The burgeoning sector is defined as systems that enable machines to more intelligently respond to their physical environments.
Introduced at the vendor’s GTC conference in San Jose, the releases focus primarily on Nvidia’s Physical AI Data Factory, an open reference architecture designed to transform real-world data into large-scale training datasets.
Rev Lebaredian, vice president of Omniverse and simulation technology at Nvidia, said during a pre-briefing that the system uses the company’s Cosmos world models and coding agents.
Specifically, the system is built around three components: Cosmo Curator, which processes datasets; Cosmos Transfer, which generates scenarios to expand the datasets; and Cosmos Evaluator; which verifies generated data before using it for training.
Together, the components automate the data generation process for robotics developers.
“It’s a data factory designed specifically for physical AI,” Lebaredian said. “Cosmos unifies and manages all three stages, reducing manual work so developers can focus on building models.”
The platform will initially be available on Microsoft’s Azure cloud platform. Nvidia said companies including Field AI, Hexagon Robotics, Milestone Systems, Skild AI, and TerraNine Robotics are early adopters.
Alongside the data architecture, Nvidia introduced Cosmos-3, a new world model that combines vision, reasoning and prediction to generate robot behaviors.

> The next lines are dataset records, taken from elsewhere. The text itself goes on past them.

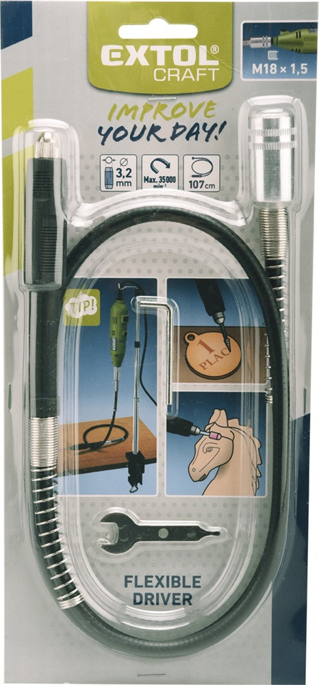 EXTOL CRAFT flexibilis szár, M18×1,5 mm; tokmány: 3,2 mm, hossz.: 107cm, max. 35000f/perc, a 404111 és 404116 mini köszörűgéphez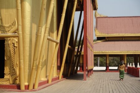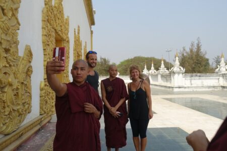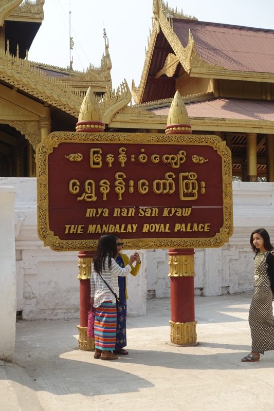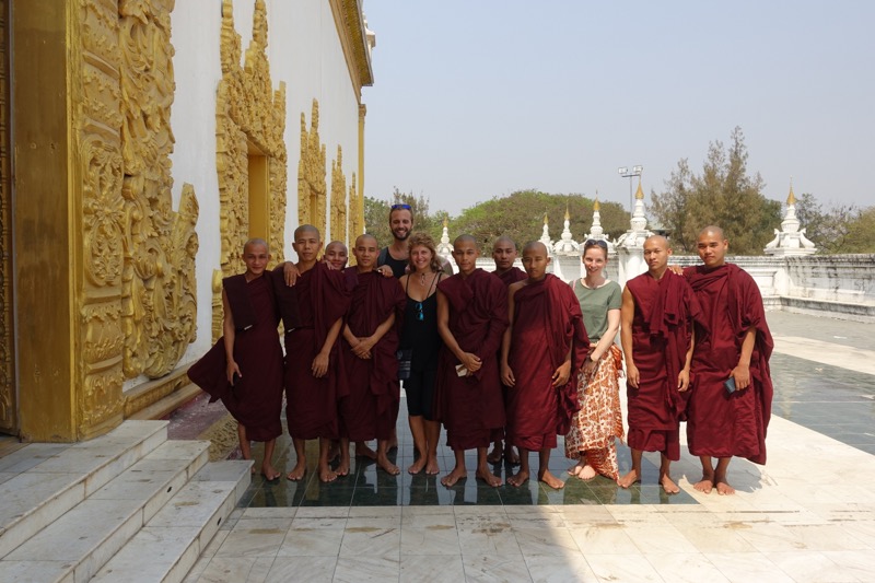 Im weiteren Verlauf des Tages haben wir noch ein lustiges Fotoshootings mit einer Gruppe junger Mönche – man konnte gar nicht sagen, wer mehr fasziniert vom Gegenüber war! Wir besichtigen zum Missfallen von Ali auch die anderen touristischen Sehenswürdigkeiten, wie den knapp 500 bis 900 Tonnen schweren Marmor-Buddha in der Kyauktawgyi-Pagode und die Nachbildung des Königpalast. Dieser befindet sich am Originalplatz in einem riesigen Komplex im Norden der Stadt, welcher heutzutage auch militärisch genutzt wird. Der Besuch ist insofern befremdlich, da man am Eingang seinen Pass hinterlassen muss und schwerbewaffnete Militärs darauf hinweisen, dass man auf dem Weg zum Palast keinerlei Fotos machen darf. Der Palast selbst ist leider nicht sonderlich gut gelungen, die unzähligen Gebäude sind aus getünchtem Beton und Wellblech nachgebaut und es kommt so sehr wenig Atmosphäre auf. Gerade Mechthild ist enttäuscht, da sie den Roman „Glaspalast“ gelesen hat, der zur Zeit des letzten Königs in Mandalay spielt und der prachtvolle Palast ein Rolle spielt.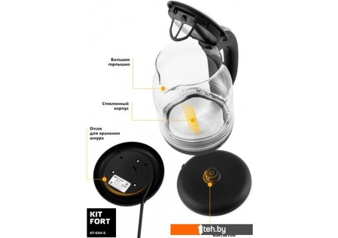 Фотографии, описание и технические характеристики модели чайника Kitfort KT-654-5 взяты из открытых источников, официального сайта производителя или представительства Kitfort в Республике Беларусь.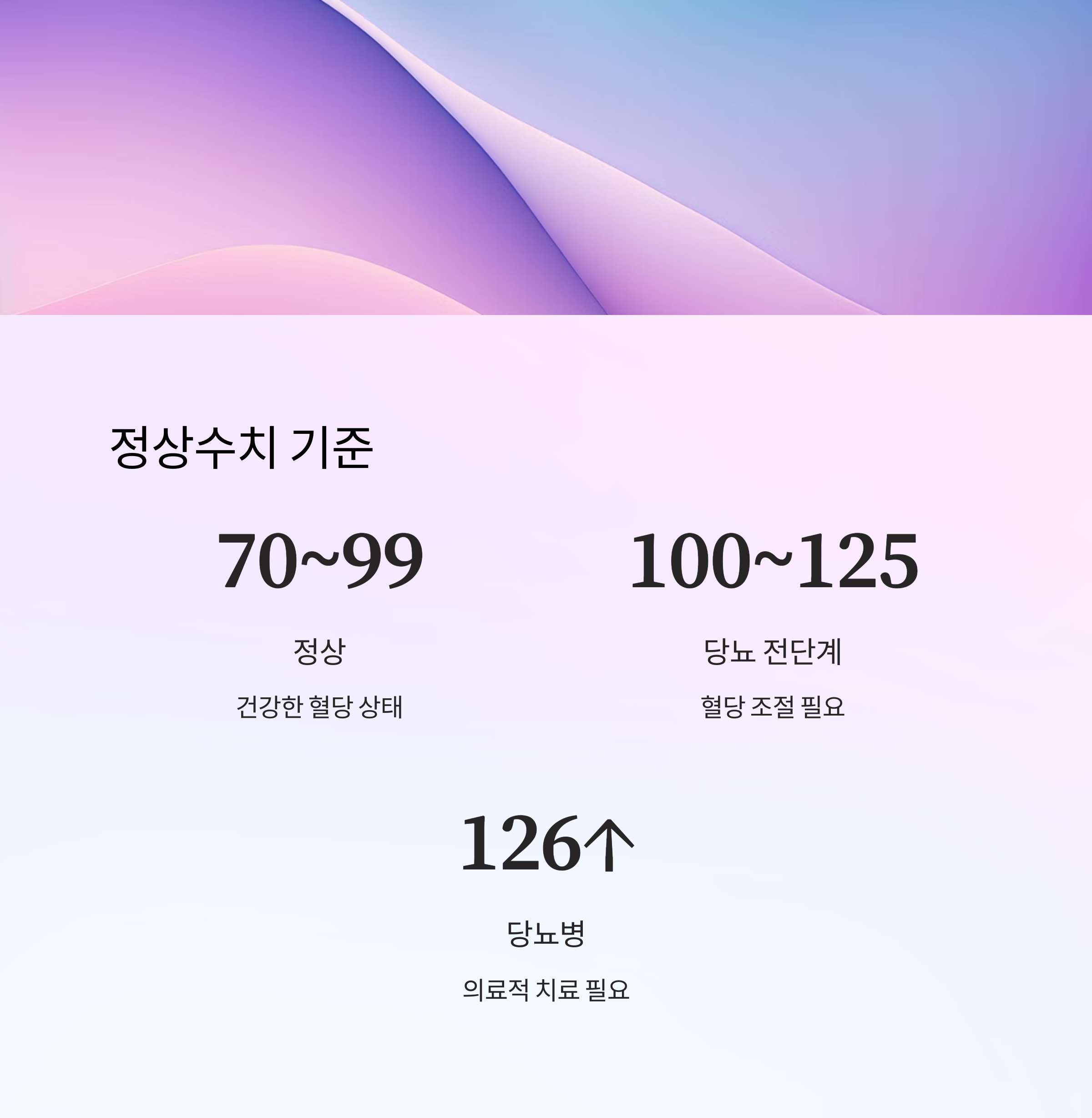 | 공복혈당장애 (당뇨 전단계) | 100~125 | 혈당 조절 필요 |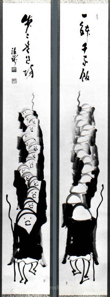 Nous vous proposons une reproduction artisanale sur toile du célèbre tableau 'Moines mendiants' de Deiryu, provenant du Musée de la Reproduction.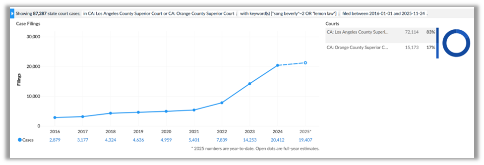 Since 2021, Song-Beverly litigation has surged in Los Angeles and Orange Counties. Plaintiffs filed more than 17,000 lemon law claims there in 2024, a greater than threefold increase from 2021.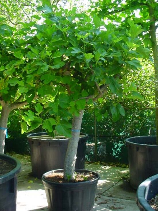 schmackhafte Früchte ernten kann. Die Feige wird sowohl zum Frischverzehr als auch als Trockenobst angeboten. Die ausgepflanzten Exemplare eignen sich nur in klimatisch günstigen und wintermilden Lagen. In den Wintermonaten benötigt die Feige einen Winterschutz. In raueren Lagen empfehlen wir eher die Kübelbepflanzung mit einen frostfreien Überwinterung im Kalthaus.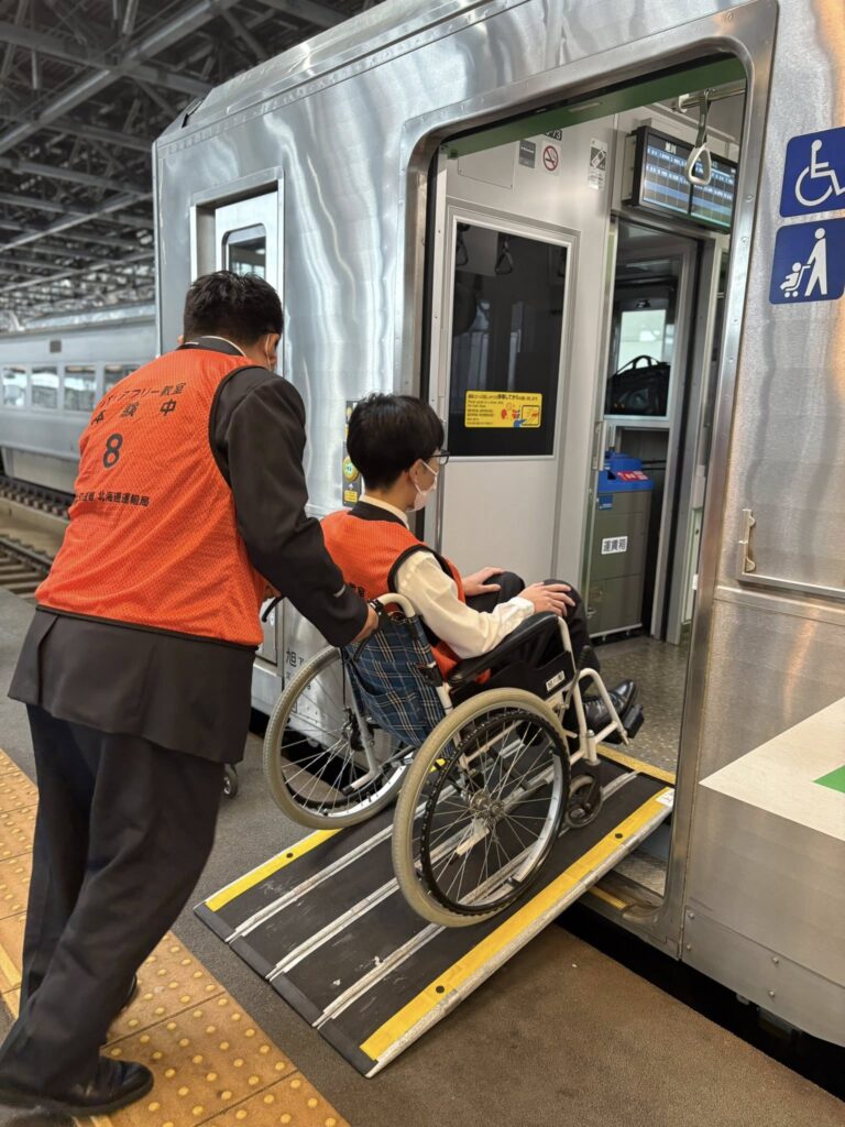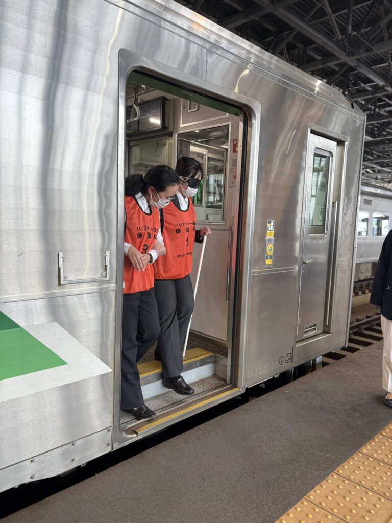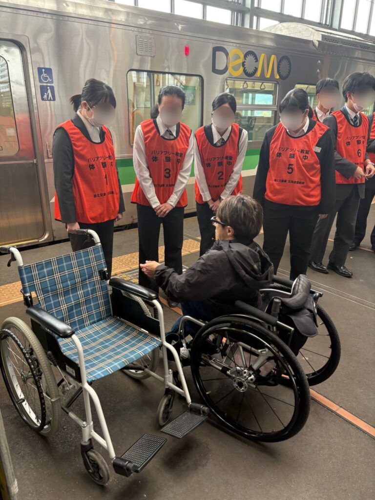 【バリアフリー講習会】 活動報告 2025.10.232025.10.28 10月22日旭川JR駅構内にて、JR北海道職員を対象としたバリアフリー講習会を行いました。 車いすでスロープを使った列車の乗降体験や、視覚障がい者疑似体験としてアイマスクや 白杖を使い、列車やエスカレーターの乗降・介助方法を体験していただきました! 介助をする際の声掛けや、介助方法など様々ですが、疑似体験を通して 知っていただくきっかけになれば嬉しいなと思います! JRを利用する際、いつも安心して乗ることができています。ありがとうございます!

The new Cosmos platform also includes what Nvidia described as the largest open video dataset for physical AI, along with frameworks for curating and evaluating large-scale video data.
A typical challenge in physical AI, according to Lebaredian, is that real-world training data is difficult to collect at scale due to the unpredictability of physical environments.

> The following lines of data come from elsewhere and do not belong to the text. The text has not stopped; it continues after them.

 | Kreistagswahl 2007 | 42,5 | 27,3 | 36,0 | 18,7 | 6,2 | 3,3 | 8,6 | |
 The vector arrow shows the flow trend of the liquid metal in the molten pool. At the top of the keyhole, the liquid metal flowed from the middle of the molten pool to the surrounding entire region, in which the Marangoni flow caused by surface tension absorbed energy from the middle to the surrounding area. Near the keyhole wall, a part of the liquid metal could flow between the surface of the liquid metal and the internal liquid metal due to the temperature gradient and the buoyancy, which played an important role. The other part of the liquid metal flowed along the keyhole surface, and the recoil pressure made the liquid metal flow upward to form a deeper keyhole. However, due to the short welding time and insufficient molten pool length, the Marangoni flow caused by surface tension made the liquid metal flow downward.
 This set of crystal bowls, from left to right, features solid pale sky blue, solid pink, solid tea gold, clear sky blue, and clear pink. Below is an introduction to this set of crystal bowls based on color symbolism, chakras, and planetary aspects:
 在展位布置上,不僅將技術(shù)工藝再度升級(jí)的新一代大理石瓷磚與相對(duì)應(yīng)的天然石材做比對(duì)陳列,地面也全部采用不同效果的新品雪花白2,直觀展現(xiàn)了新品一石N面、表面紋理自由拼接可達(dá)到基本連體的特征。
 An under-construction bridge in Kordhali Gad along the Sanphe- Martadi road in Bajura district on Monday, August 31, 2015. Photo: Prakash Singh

“In the past, real-world data was the primary mode of training,” he said. “But the real world is diverse, unpredictable and full of edge cases. You simply cannot manually capture enough data to train for all of them.”
Instead, developers are increasingly turning to world models trained on internet-scale video and human demonstration data — enabling robotic training on a far greater scale than previously possible.

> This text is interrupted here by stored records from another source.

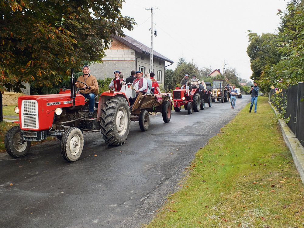Wieczorny konkurs z nagrodami zorganizowany 10 września w świetlicy w Glinie poprzedzono korowodem zabytkowych traktorów wyprodukowanych w XX wieku, z podczepionymi do nich równie starymi wozami konnymi.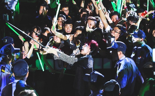 | 2. Sơn Tùng chụp ảnh "selfie" cùng người hâm mộ trong live show đầu tiên trong sự nghiệp ca hát ở tuổi 21. Chỉ cần nhìn bức ảnh này khán giả có thể thấy nỗ lực của chàng trai gốc Thái Bình mà bỏ qua mọi tin đồn, bê bối của nam ca sĩ trẻ này. Làm live show ở sân vận động khi tuổi đời, tuổi nghề còn ít là thành công không phải nghệ sĩ nào cũng đạt được. Ảnh: Nguyễn Thành. |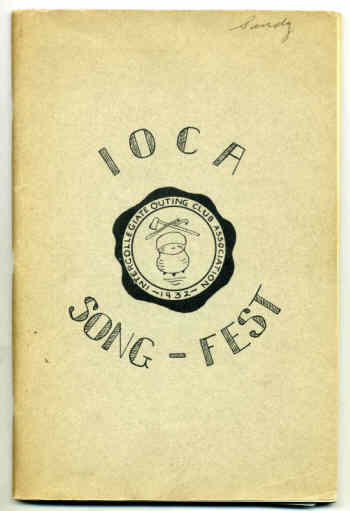 PDF of the scanned pages. IOCA Song Fest. intercollegiate Outing Club Association -- 1932. I. O. C. A. SONGS PAGE I. O. C. A. SONG........................ 3 Abdullah Bulbul Ameer ..................... 4 About the Year of One B.C..................... 5 Ain't Gonna Grieve My Lord No Mo'............... 6 Alexander's Rag Time Band................... 7 Alone, Tee Hee, Alone.................... . 8 Alouette............................ 8 Anne Boleyn.......................... 7 Annie Laurie.......................... 10 Antoinette Burby........................ 9 Auld Lang Syne......................... 10 Mules . ........................... 10 Advertise.......................... 10 Australia ........................... 8 Baby Died, Our......................... 11 Beer Bottle, The........................ 11 Bell Bottomed Trousers..................... 11 Bells of St. Mary's, The.................... 11 Bill.............................. 12 Bold Bad Man.......................... 13 Bowery, The........................... 12 Bring Back My Bonnie To Me................... 12 Build A Bungalow, We'll ... '................. 12 Bull-Dog on The Bank...................... 13 Caissons............................ 14 Capitol Ship, A........................ 14 Carry Me Back to Old Virginny................. 15 Casey Jones.......................... 16 Chanson Du Pinard . ..................... 6 Chewing Gum.......................... 17 Circus Queen, My.......................... 17 Clementine.......................... 17 Coast of High Barbary, The ................... 18 Cocaine Bill.......................... 19 Constantinople......................... 20 Cowboy Fireman, The...................... 19 Cufusalem........................... 21 Daisy, Daisy.......................... 20 Dark Town Strutters Ball........ . . ......... 20 Darkey Sunday School..................... 21 Dese Bones Gwine Rise Agin................... 23 Did You Ever Think When the Hearse Goes By........... 24 Dinah......... .................... 23 Down By The Old Mill Stream.................. 24 Down In The Valley . ...................... 24 Drink To Me ......................... . 24 Drunken Sailor, The...................... 25 Drunk Last Night . . ...................... 25 Dutch Company, The....................... 25 Dying Fisherman's Song, The .................. 26 Dying Hobo, The........................ 26 Eight Bells.......................... 27 Family Rattin, The ....... ................ 27 Fee-Fi-Fiddlee-I-0....................... 28 Fol De Rol.......................... 28 Frankie and Johnnie...................... 29 Frog He Would A-Wooing Go................... 28 Frog He Are A Queer Bird, The................. 30 Gallant Ship, Our....................... 30 Gay Caballero, The....................... 32 Index (Continued PAGE Girls Can Never Change Their Nature.............. . 31 Girl Like Me, A ... ...................... 32 Go Down Moses.......................... 33 Golden Slippers, Oh Dem ............. ........ 33 Good Night Ladies........................ 34 Grandfather's Clock....................... 34 Gretchen............................ 35 Hail, Hail, The Gang's All Here................. 36 Ham And Eggs.......................... 36 Hambone Am Good........................ . 36 Hand Me Down My Walkin' Cane.................. 36 Hanover Winter Song ...................... . 38 Hell To The Skier ....................... 37 Home On The Range........................ 38 Home James, And Don't Spare the Horses ...... ...... . 39 Horses Run Around, The..................... 40 I Am A Student At Cadiz..................... 40 I Got Shoes........................... 42 I Learned About Women Prom Her................. 40 I Like Mountain Music....................... 45 I'm A Son of A Gun For Beer................... 41 The Spider.......................... 42 In Eleven More Months And Ten More Days............. 44 In The Evening By the Moonlight................. 46 I Run The Old Mill....................... 45 I Want A Girl........................... 46 I Was Born About A Thousand Years Ago.............. 42 I With I Were A Wittle Thugar Bun................ 43 I Wonder Who's Kissing Her Now................. 43 Jesse James........................... 46 Jingle Bells . . . ....................... 46 Johnny Vorbeck ............... ..... ..... 47 Juba............................. 47 Julia ............................. 47 Katy............................. 47 Keep In The Middle Of The Road................. 47 Kentucky Home......................... 48 Kitty .... ......................... 48 Landlord Pill The Plowing Bowl................. 48 Lavender Cowboy, The...................... 49 Let Me Call You Sweetheart.................. 50 Lazy Bones.......................... . 49 Little Brown Jug........................ 50 Little Joe The Wrangler..................... 51 Liza . . . ........................... 50 Look Down ............................ 51 Lord Jeffrey Amherst.................. 52 Love's Old Sweet Song...................... 52 Lydia Pinkham........................... 52 Mad Dogs And Englishmen.................... 54 Mammy Don't Want No Beer.................... 53 Man On The Flying Trapeze, The................. 55 Mandalay................ .... ........ 56 Martins And The Coys,'The.................... 56 Massa's In De Cold Cold Ground................. 58 McSorley's Twins........................ 58 Me And Marie.......................... 53 Merrily We Roll The Keg..................... 34 Michael Finnigan........................ 53 Moonlight Bay.......................... 55 Moosilauke Sweetheart ............... ....... 59 Index (Continued) PAGE Mrs. Murphy's Chowder........................ 60 Mug Song, The ......................... 59 Muss I Den Zum Stadtle Naus................... 60 My Mother-In-Law ........................ 61 My Mother Told Me Not To Smoke...........,...... 61 My Name Is McNamare....................... 61 Nine Men Slept In A Boarding House Bed............. 6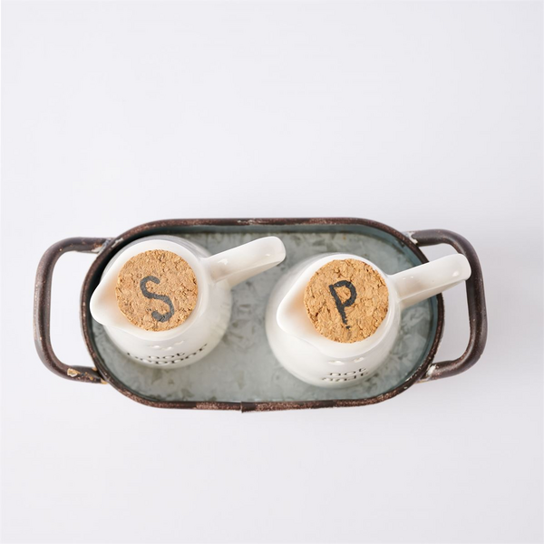 Add charming fun to your table top with this clever mini pitcher shaped salt and pepper shakers, featuring debossed NOT SALT and NOT PEPPER sentiment exteriors, and comes complete with cork stoppers. This 5-piece set includes a distressed metal caddy for the shakers to rest within.

To stay ahead of this shift, Nvidia also rolled out early access to its AI-enabled video search and summarization tool, Metropolis VSS Blueprint. The system enables developers to build agents that analyze and act on massive streams of video data from edge to cloud.
Along with the product launches was a new partnership with T-Mobile. The companies are working to integrate physical AI applications into networks, bringing these agents to edge applications.
Looking Ahead
The moves reflect Nvidia’s growing drive into physical AI, which has become something of a buzzword as developers seek machines with elevated intelligence and perception capabilities.
“Autonomous vehicles represented the first wave of physical AI, but much more is coming down the pipeline,” Lebaredian said. “Soon we will have billions of AI agents running on billions of devices. The world’s industries will be transformed by physical AI and AI-driven physics.”
He identified the rise of humanoid robots as a key catalyst for market growth, with demand for physical AI systems anticipated to see a further upswing
“Today, roughly three million robots power the world’s industries,” Lebaredian said. “But the next generation of humanoid robots is now arriving, with deployments expected to grow nearly tenfold by 2026.”
“In this context, our models and frameworks are designed to support both existing and future robot platforms,” he added. “These systems will be more accurate, more lightweight and easier to deploy.”